CN111203609B

CN111203609B - Bimetal electric arc additive manufacturing method

Info

Publication number: CN111203609B
Application number: CN201911424547.3A
Authority: CN
Inventors: 吴玲珑; 许春权; 刘欣
Original assignee: Nanjing Iungo Technology Co ltd
Current assignee: Nanjing Iungo Technology Co ltd
Priority date: 2019-12-31
Filing date: 2019-12-31
Publication date: 2021-10-19
Anticipated expiration: 2039-12-31
Also published as: CN111203609A

Abstract

The invention discloses a bimetal arc additive manufacturing method, which comprises the steps of inputting a workpiece digital-analog to be printed into a computer, and inputting the designed template structure data of each layer of slices into the computer; slicing the workpiece digital analogy in a layering mode according to the Z direction to obtain the cross section of each layer of slices, wherein the number of the slices is M; calculating and generating a linear filling path of each layer of slices of the workpiece according to the cross section of each layer of slices of the workpiece; comparing the template structure corresponding to each layer of the slices with the range of the layer of the slices, and performing the next step if the template structure completely covers the cross section of the layer of the slices; and calculating intersection points of all linear filling paths generated by the nth layer of slices and each edge of the polygon of the nth layer of template structure corresponding to the nth layer of slices, wherein the intersection points are switching points of the metal welding wires A and the metal welding wires B on the linear filling paths. The method can realize regular or irregular alternate filling cladding by adopting two different metal welding wires.

Description

Bimetal electric arc additive manufacturing method

Technical Field

The invention relates to a bimetal electric arc additive manufacturing method, and belongs to the technical field of metal welding processing. .

Background

The electric arc additive manufacturing is a manufacturing method for realizing workpiece forming by welding, melting and stacking metal layer by layer.
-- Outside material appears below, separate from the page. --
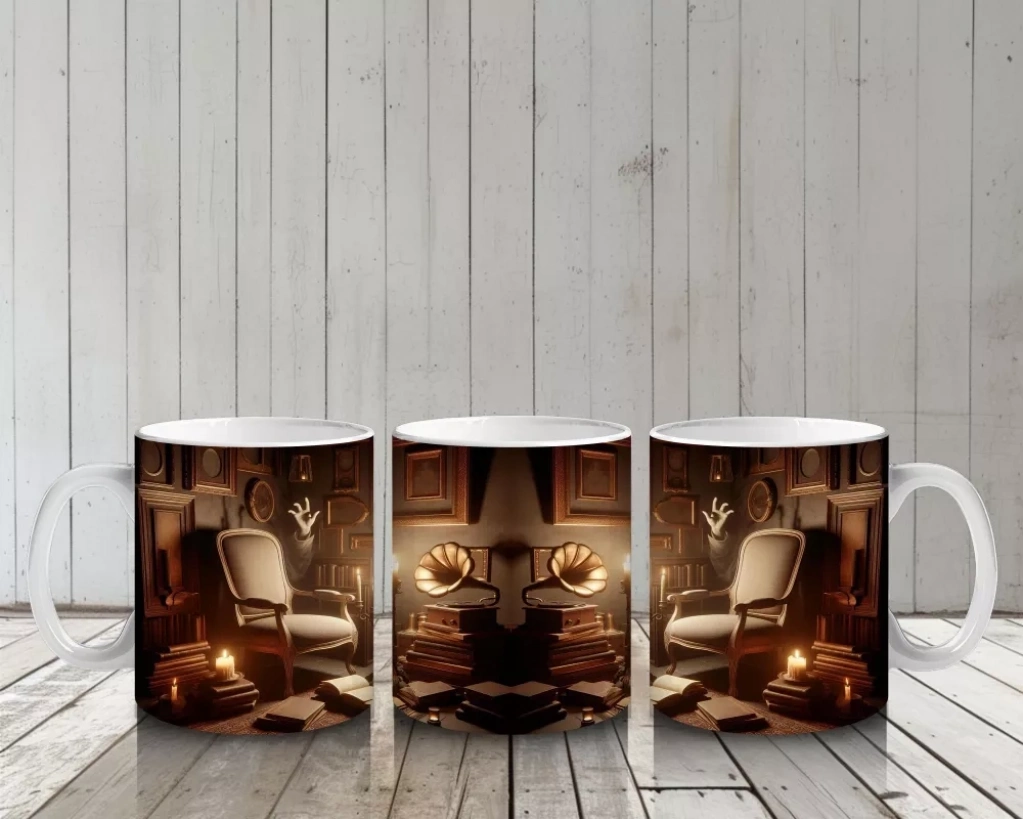 Mum ışığı ve kitaplarla süslenmiş gotik cadı masası temalı bu kupa bardak, Cadılar Bayramı’na mistik ve etkileyici bir hava katar.

In the traditional arc additive manufacturing step, slicing software is used for conducting layered slicing and path planning on a digital model of a part according to the Z direction, and a program is output to a welding robot to conduct additive manufacturing operation. At present, the bimetal arc additive manufacturing only changes the filling direction of an interlayer filling line and fills two different metals according to the fixed proportion of the filling line through software. When two metals in a workpiece need regular or irregular alternate filling, only changing the filling direction of the filling line between layers and the filling ratio of the two metals in the filling line cannot meet the requirement that the workpiece needs irregular alternate filling to perform material increase operation.

Disclosure of Invention

The invention aims to solve the technical problem of providing a bimetal electric arc additive manufacturing method which can realize regular or irregular alternate filling cladding by adopting two different metal welding wires.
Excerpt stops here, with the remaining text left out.